Boris Johnson and what brands can learn from him
Although Churchill will always be known for his peerless rhetoric on all manner of subjects it is his political motto that his distorted descendants mimic. K.B.O. Keep Buggering On. Once upon a time that meant perseverance in the face of menace, or rout, or despair, but today Boris Johnson refuses to be curtailed or slowed by scandal. Less, he refuses to even be embarrassed, and has nullified the most effective weapon that the press and the public once held over errant political careers – shame.
But apart from our aspiring leaders learning from the rise of Trump that shamelessness is a superpower, what does the imminent premiership of Johnson tell us about ourselves? Only a society obsessed with fame and personality above all other things could see Johnson as an attractive Prime Minister. He clearly has those qualities in spades, with his career defined by a carefully cultivated scruffy look, backed by a steady drumbeat of racist, sexist commentary and revealed incompetency and disinterest in power. Now he runs a submarine strategy, rigidly disciplined by Crosby’s ruthless pursuit of victory – concentrating on saying nothing in public and whatever it takes in private.
From the first day of this leadership election the leading political journalists of the day have been saying the same two things. Firstly, Rory Stewart is the grown-up in the room and it’s therefore impossible that he will be elected. Secondly, that Boris Johnson is totally unfit for office but is the only person who is capable of stopping his own campaign. We live in an inverted universe when personal unelectablity results in political electability. Our politics, on both sides of the Atlantic, have been captured by powerful cabals of rightwing power-mongers, who have chosen that their flawed leaders are vassals that they cannot afford to lose, and that they won’t compromise on. Will Johnson lose the leadership election isn’t the real question – the question is can he? He is in such a commanding position because he has so many commanding people fully invested in his fortunes. But how can this be?
Consider the undercurrents. Of post-expenses and pre-Brexit public distrust in Westminster never being higher and nobody has taken advantage of this justified rage more than Nigel Farage. The single issue, sleazy demagogue, leaving nicotine stains on shaken hands and the smell of beer on the foreheads of babies. The grotesque dressed up in the clothes of a statesman. And the quaking establishment, the supposed (and self-appointed) stalwart for decency has stepped up in our moment of peril by rallying behind Johnson. Faced with this rise in extremism, does anyone believe that Boris, the self-centred, less a stalwart and more a windsock, will help regain and heal the schism. Its time someone represented trust in the democratic process. I for one am not persuaded by the shambolic, blonde and much-loved “buffoon” with a relentlessly cheerful brand of racism and homophobia. Is he really the best ambassador for ‘Brand Britain’? Only a celebrity crazed media culture, hooked to outrage and craving the circular story lines of reality TV would allow this exhibitionist Trumpesque buffoon to get away with it. For the sake of shame, we are here.

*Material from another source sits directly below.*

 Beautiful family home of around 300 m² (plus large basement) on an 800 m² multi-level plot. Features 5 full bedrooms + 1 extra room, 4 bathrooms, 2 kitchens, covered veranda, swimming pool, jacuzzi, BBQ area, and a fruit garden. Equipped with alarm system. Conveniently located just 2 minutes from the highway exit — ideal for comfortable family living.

An incomplete list of Mr. Johnson’s gaffes:
2002: Wrote that the Queen enjoys visiting Africa ‘partly because it supplies her with regular cheering crowds of flag-waving piccaninnies’ and that when Tony Blair went there ‘the tribal warriors will all break out in watermelon smiles.’
2002: Arguing for a re-colonization of Africa (‘a blot’); “The problem is not that we were once in charge, but that we are not in charge any more… the best fate for Africa would be if the old colonial powers, or their citizens, scrambled once again in her direction; on the understanding that this time they will not be asked to feel guilty.”

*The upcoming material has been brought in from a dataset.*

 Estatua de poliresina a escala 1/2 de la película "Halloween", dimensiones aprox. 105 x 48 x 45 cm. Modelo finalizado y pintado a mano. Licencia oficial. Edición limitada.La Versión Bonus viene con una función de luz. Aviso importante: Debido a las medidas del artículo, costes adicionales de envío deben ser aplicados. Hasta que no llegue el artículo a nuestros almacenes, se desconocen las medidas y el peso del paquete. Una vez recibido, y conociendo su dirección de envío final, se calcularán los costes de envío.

2004: Writes The Spectator that Liverpudlian fans were drunk and therefore partially responsible for the Hillsborough disaster. He accuses them of ‘wallowing in their victim-status.’
2004: Sacked from shadow cabinet for having an affair and denying it.
2005: Declares that ‘voting Tory will cause your wife to have bigger breasts.’
2006: Compared infighting within UK parties to “Papua New Guinea-style orgies of cannibalism and chief-killing.” Johnson then makes an openly sarcastic apology; saying he didn’t mean to blame their ‘blameless bourgeois domesticity’.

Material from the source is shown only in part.